Otra cosa es cuando una persona desarrolla un programa que intercepta datos. Él sabe que puede usarse con fines fraudulentos. A veces, dichos programas se compran a un tercero y no se informa al autor sobre cómo los utilizan los estafadores: para interceptar la contraseña de la cuenta Vkontakte o la información de la tarjeta bancaria. La misma historia es con una persona que "encripta" un programa de antivirus; debe ser consciente de que dichos programas no se crean con fines legales. La persona que distribuye el programa ya puede sentirse atraída por el artículo 273 del Código Penal de la Federación de Rusia.
La legislación rusa sobre el enjuiciamiento de las personas que han cometido delitos informáticos requiere un mayor desarrollo. Anteriormente, para tales delitos, con frecuencia dictaban sentencias condicionales, incluso si los piratas informáticos robaban cantidades significativas de dinero. Esto no asustó ni motivó a las personas a abandonar lo que están haciendo. Desde 2014, las cosas han mejorado después de que condenaron a Carberp a largo plazo.
Carrera
Para obtener un trabajo en informática forense, una persona debe tener una formación técnica. Me gradué del Instituto de Física de Ingeniería de Moscú, Facultad de Seguridad de la Información, cuando todavía no se enseñaba criminología en Rusia. Nos enseñaron lenguajes de programación, los conceptos básicos de la administración del sistema y la protección del perímetro. Estudiamos cómo funciona el malware y cómo superar los mecanismos de protección de los sistemas operativos.
Una persona con experiencia técnica que comprende cómo funcionan los sistemas operativos, cómo se construye una red, cómo se transmiten, roban y protegen los datos, tiene los conocimientos suficientes para conseguir un trabajo en el campo de la informática forense. Siempre que profundice en los detalles de la zona. Nuestra empresa tiene ejemplos cuando las personas venían sin educación técnica; era más difícil para ellos, porque al principio tenían que dominar los conocimientos básicos.

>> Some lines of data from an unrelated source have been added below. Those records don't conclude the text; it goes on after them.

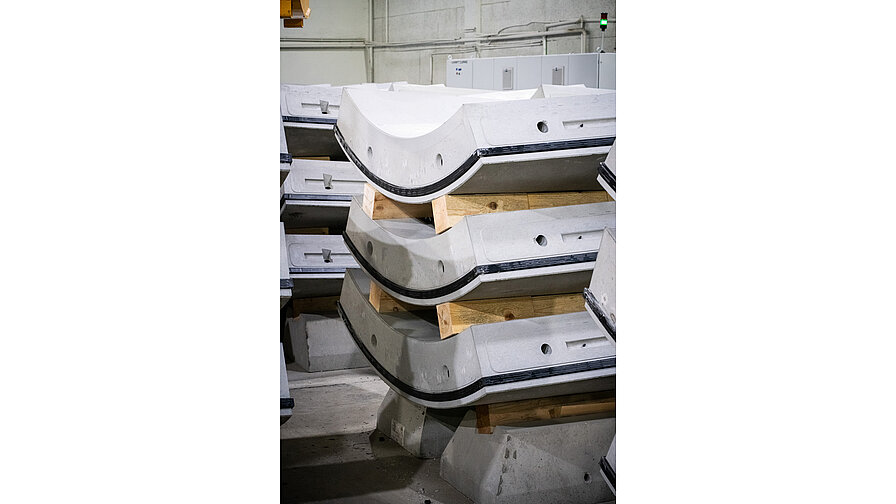 Die Planung und Produktion erfolgte in enger Abstimmung zwischen der Schöck Anwendungstechnik, dem Statikbüro sowie dem MABA Fertigteilwerk. Da die einzelnen Tübbing-Segmente eine leicht unterschiedliche Geometrie haben, musste jeder Stab individuell bemessen und berechnet werden. So unterscheidet sich jeder Kopfbolzen vom anderen in Höhe, Tiefe und Breite. Auch die formgebenden Bügel haben je nach Positionierung im Tübbing jeweils eine um Millimeter andere Länge und einen anderen Biegegrad. Jeder Bügel wiederum hat einen fest definierten Platz im Segment und wurde von Schöck mit dem dafür vorgegebenen, exakten Tübbing-Radius angefertigt. Ziel war, die Anforderungen an die Bewehrung kundenfreundlich und verarbeitungsgerecht umzusetzen. Dazu Fabian Marlok, Leiter Produktmanagement Combar, Isolink, Sconnex und Signo bei Schöck: "Bei Aufträgen wie diesem muss alles individuell angefertigt werden. Und wir haben es in der Produktion mit erhöhten Anforderungen zu tun. Im Gegensatz zu Bewehrungsstahl, der einfach gebogen werden kann und seine Form behält, streben Glasfaserstäbe zurück in die Gerade. Die große Herausforderung für Schöck war, trotz dieser Materialeigenschaften formgebende Bügel zu produzieren, um die Weiterverarbeitung für den Kunden so einfach wie möglich zu machen."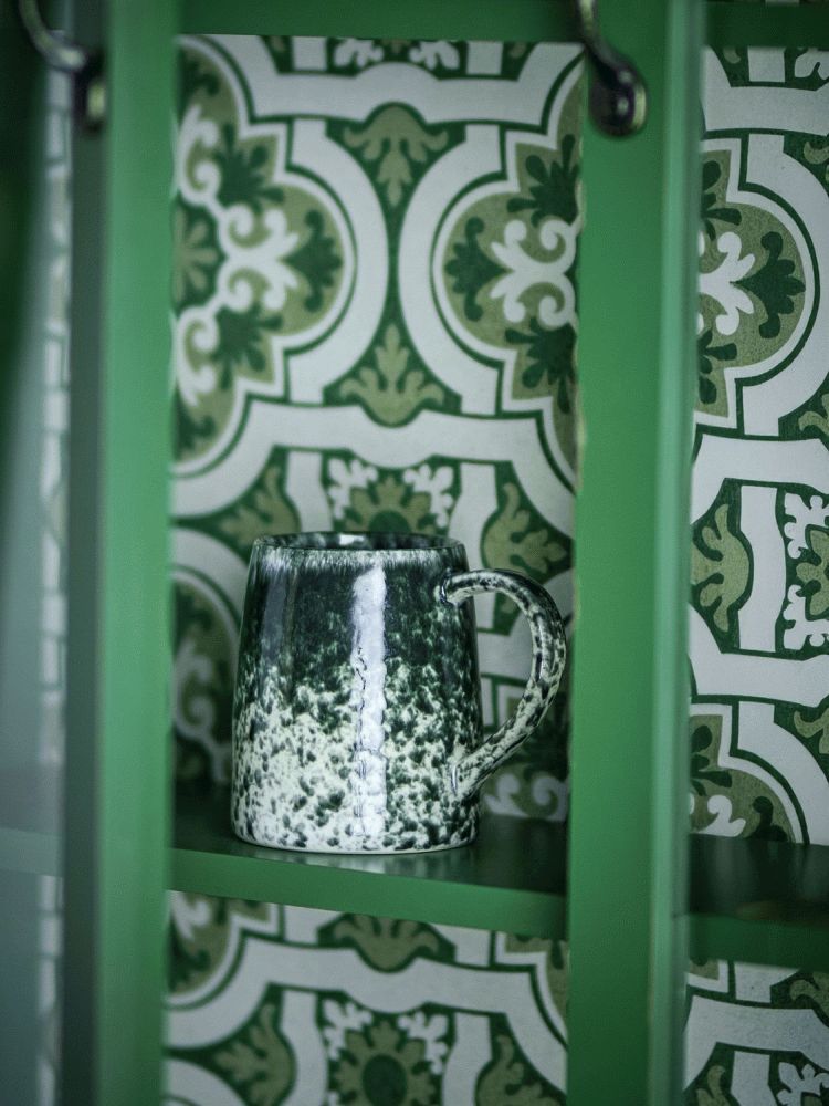 Winnie Krus fra Creative Collection bringer personlighed og autenticitet ind i hverdagen. Dette sæt består af fire krus i stentøj, hvor hver enkelt fremstår med sin egen unikke udtryk takket være den reaktive glasur. Den marmorerede overflade kombinerer dybe grønne nuancer med bløde offwhite toner, der flyder sammen i et organisk og levende mønster.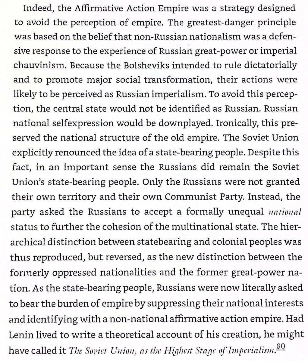 Thread with excerpts from “The Affirmative Action Empire: Nations and Nationalism in the Soviet Union, 1923-1939” by Terry Martin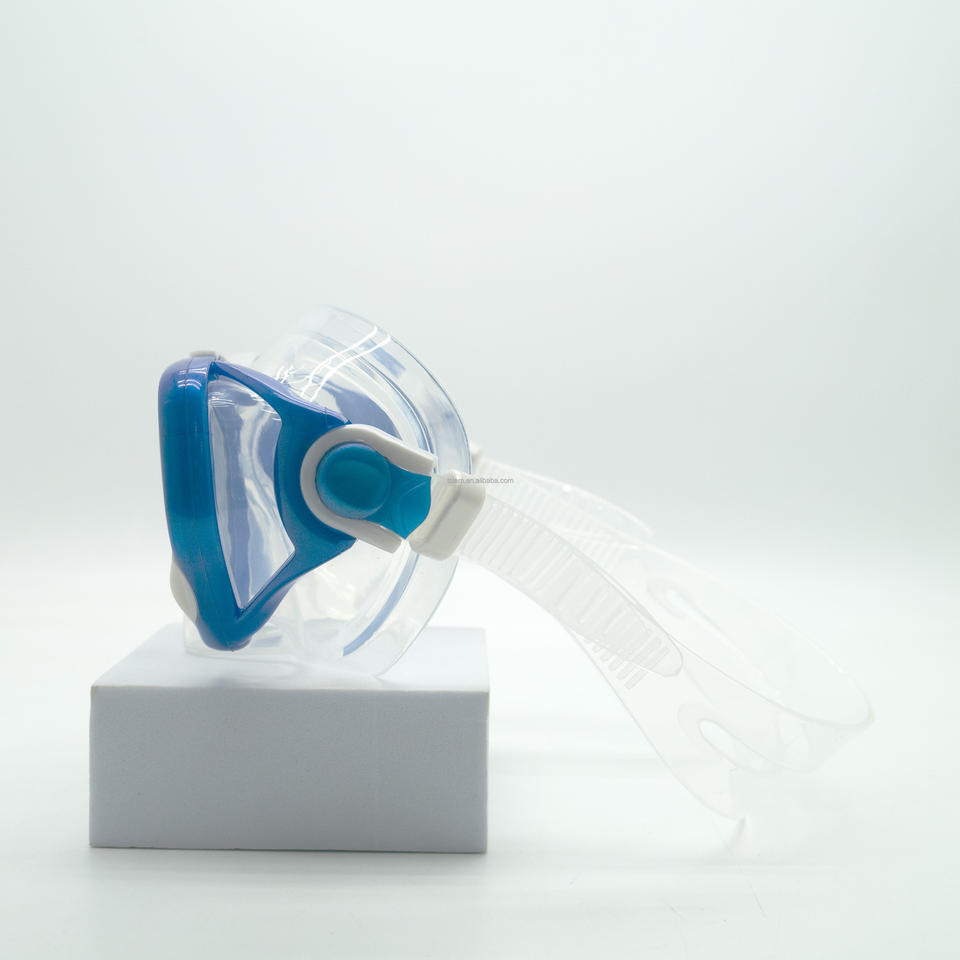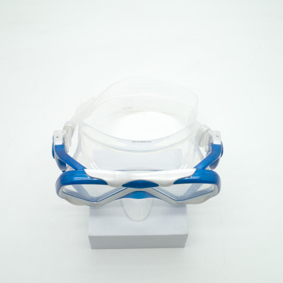 Adjustable Blue Snorkel Goggles with Anti-Fog Tempered Glass Lens and Wide View Nose Cover Diving Goggles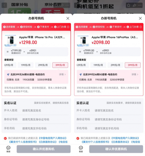 消费者到京东APP搜索“京补合约”进入活动会场,选择想要购买的产品,点击立即优惠购机,选择话费套餐,输入身份信息,勾选办理协议,就能下单享受补贴了。线上点几下完成下单后,京东快递小哥将上门协助消费者完成信息核验和套餐激活等流程,一站式搞定3C数码产品、新号卡、新套餐,足不出户就能省钱购机。下面一起来看看有哪些3C数码好物可用“京补合约”入手吧。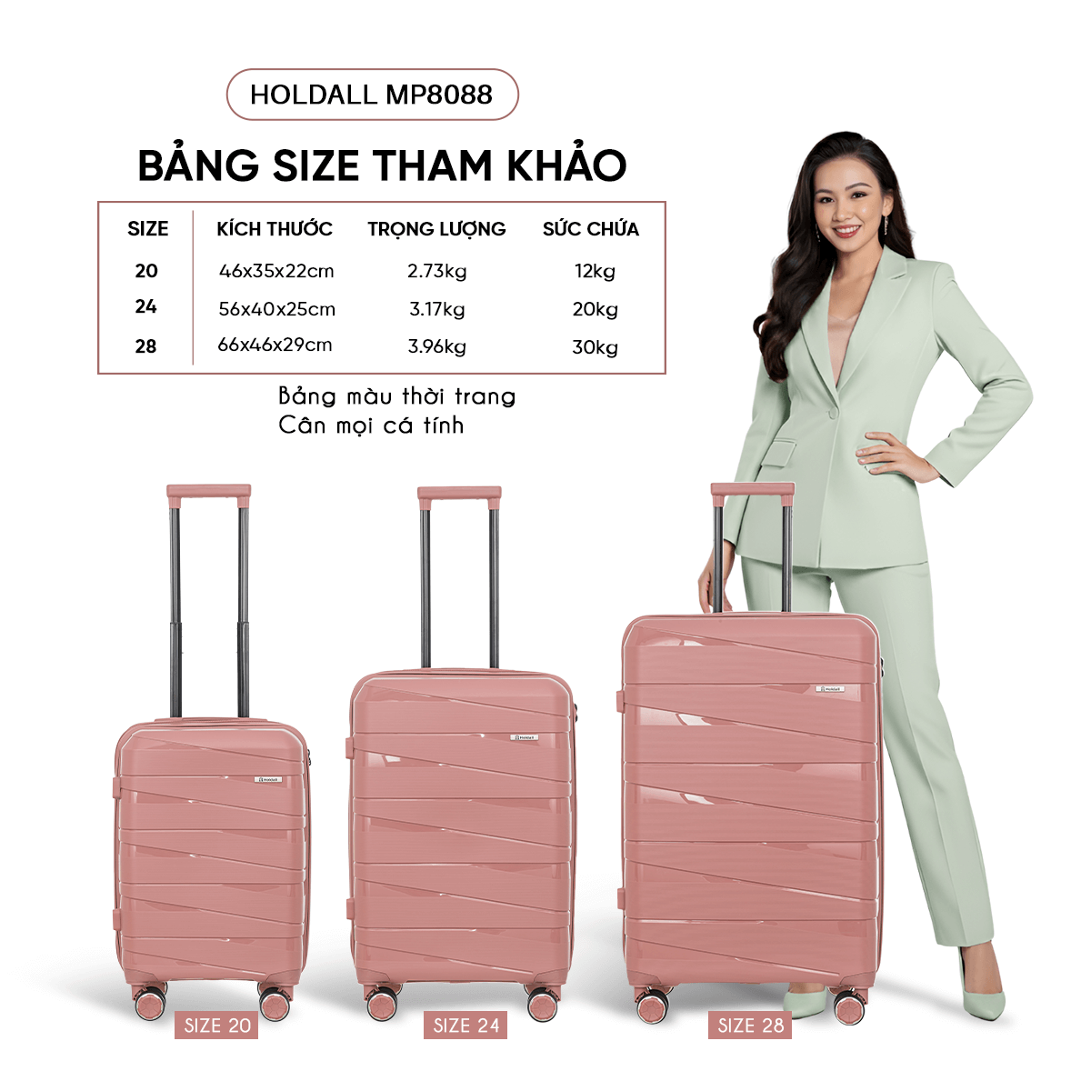 Holdall MP8088 là mẫu vali nhựa PP siêu bền, có thiết kế thời trang và tích hợp nhiều tính năng hiện đại để đáp ứng tốt nhất cho nhu cầu di chuyển của khách hàng.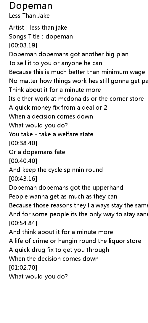 | [00:45.53] | Dopeman dopemans got the upperhand |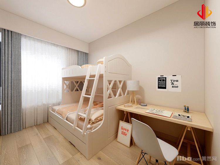 拆除客厅与次卧室的墙体,用半墙加窗户的形式与客厅连接。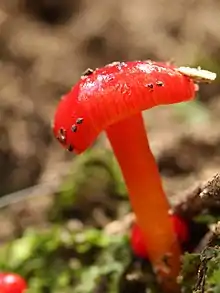 Hygrocybe erythrocala is a mushroom of the waxcap genus Hygrocybe. It grows in moist, shady conditions near Sydney, Australia. The cap is viscid and glossy with striations; this species lacks decurrent gills.[1] It was described in 1997 by the mycologist Anthony M. Young.[2][3]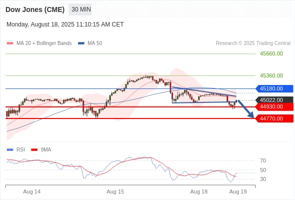 DOWJONES (US30) (CME) تداول يومي: الاتجاه العام هابط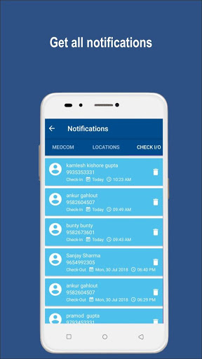 1. ตรวจสอบ - เข้า / เช็คเอาท์ - รับการอัปเดตสดจากพนักงานดูที่ตั้งแบบเรียลไทม์และเวลาเดินทางมาถึงและการออกเดินทาง 2. การติดตามขนาดเล็ก - ติดตามการเคลื่อนไหวของพนักงานทุกคนสมาชิกในครอบครัวไดรเวอร์ เด็กชายจัดส่งที่สถานที่ตั้งระยะไกลทีมโครงการผู้ให้บริการทางการแพทย์แบบเรียลไทม์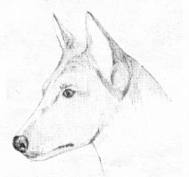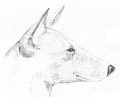 Bull-terrier type head with long muzzle, filled between the eyes and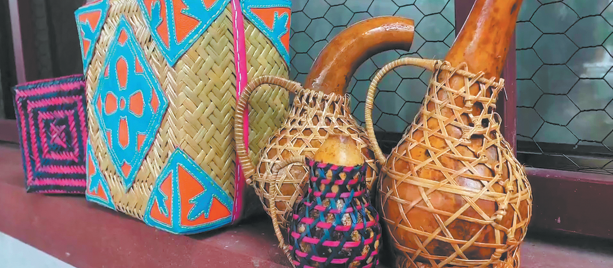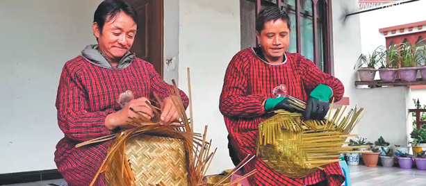 Bamboo craftsman Xin Xiangdong (left) at work with a fellow villager at Badeng village, Metog county, Xizang autonomous region. [PHOTO/XINHUA]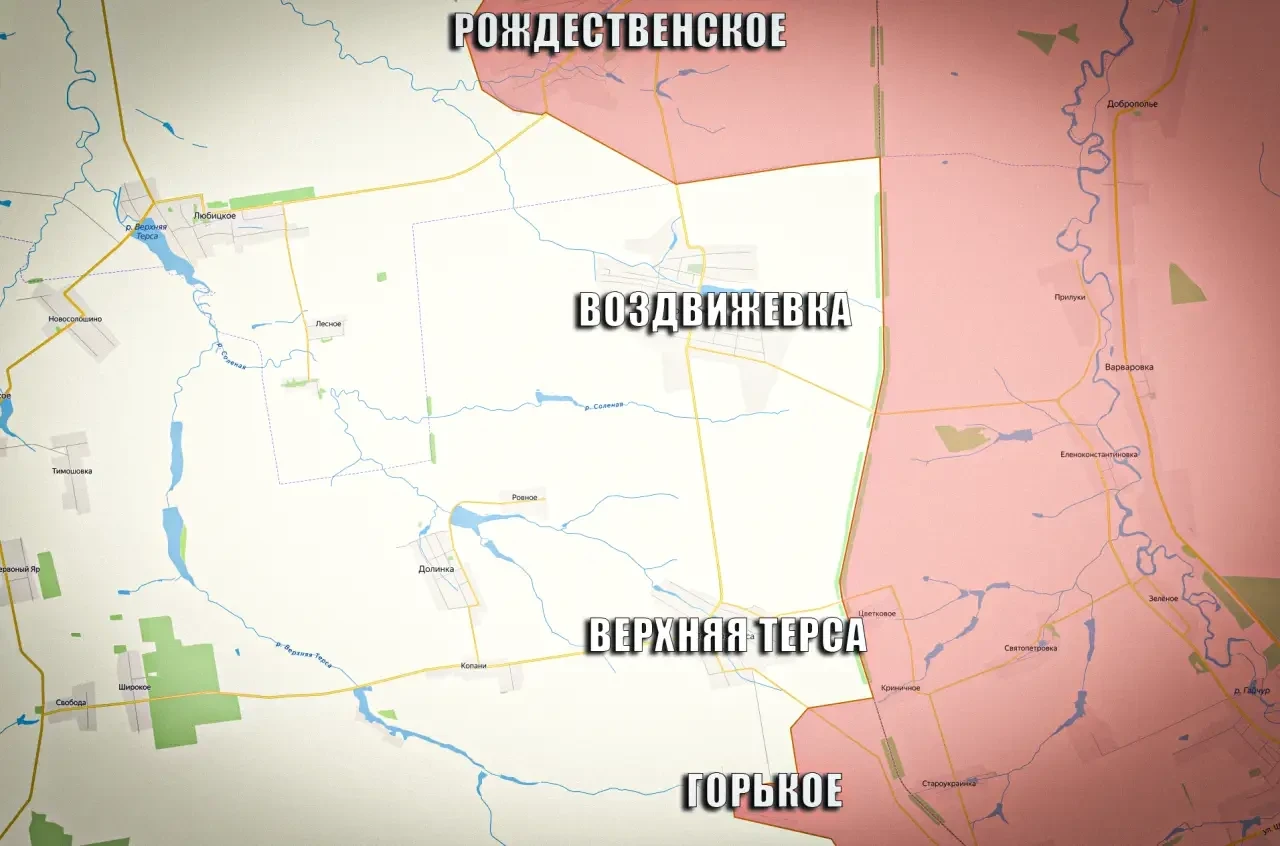 Интересно, что севернее Воздвижевки и Верхней Терсы ВС РФ ранее освободили Рождественское. Это в совокупности с занятым селом Горькое открывает возможность зажать оккупированные украинскими боевиками населенные пункты с двух сторон.

Para aquellos que estén interesados en el análisis forense, les recomiendo leer el Análisis forense del sistema de archivos (Brian Carrier), un libro básico sobre cómo funcionan los sistemas de archivos, que es importante para el área. Network Forensics (Sherri Davidoff) y The Art of Memory Forensics (Michael Hale Ligh) son dos libros más que todo científico forense respetuoso debería estudiar. Para la investigación en dispositivos móviles, recomiendo Practical Mobile Forensics (Oleg Skulkin).
Para comprender lo que sucede en medicina forense, debe leer artículos y blogs sobre casos exitosos y experiencia personal. Pero no hay necesidad de esperar a que los piratas informáticos sean descubiertos compartiendo secretos en Internet: la información no se difunde en casos penales. Y cómo la gente analiza los datos puede leerse en recursos internacionales y rusos: el blog del Instituto SANS (también hay un curso sobre medicina forense, publicar libros y escribir artículos), ForensicFocus y Habr.
Pero lo más interesante en mi trabajo es resolver el "enigma": inventar formas no estándar y pensar fuera de la caja para encontrar una brecha en los trucos de los intrusos.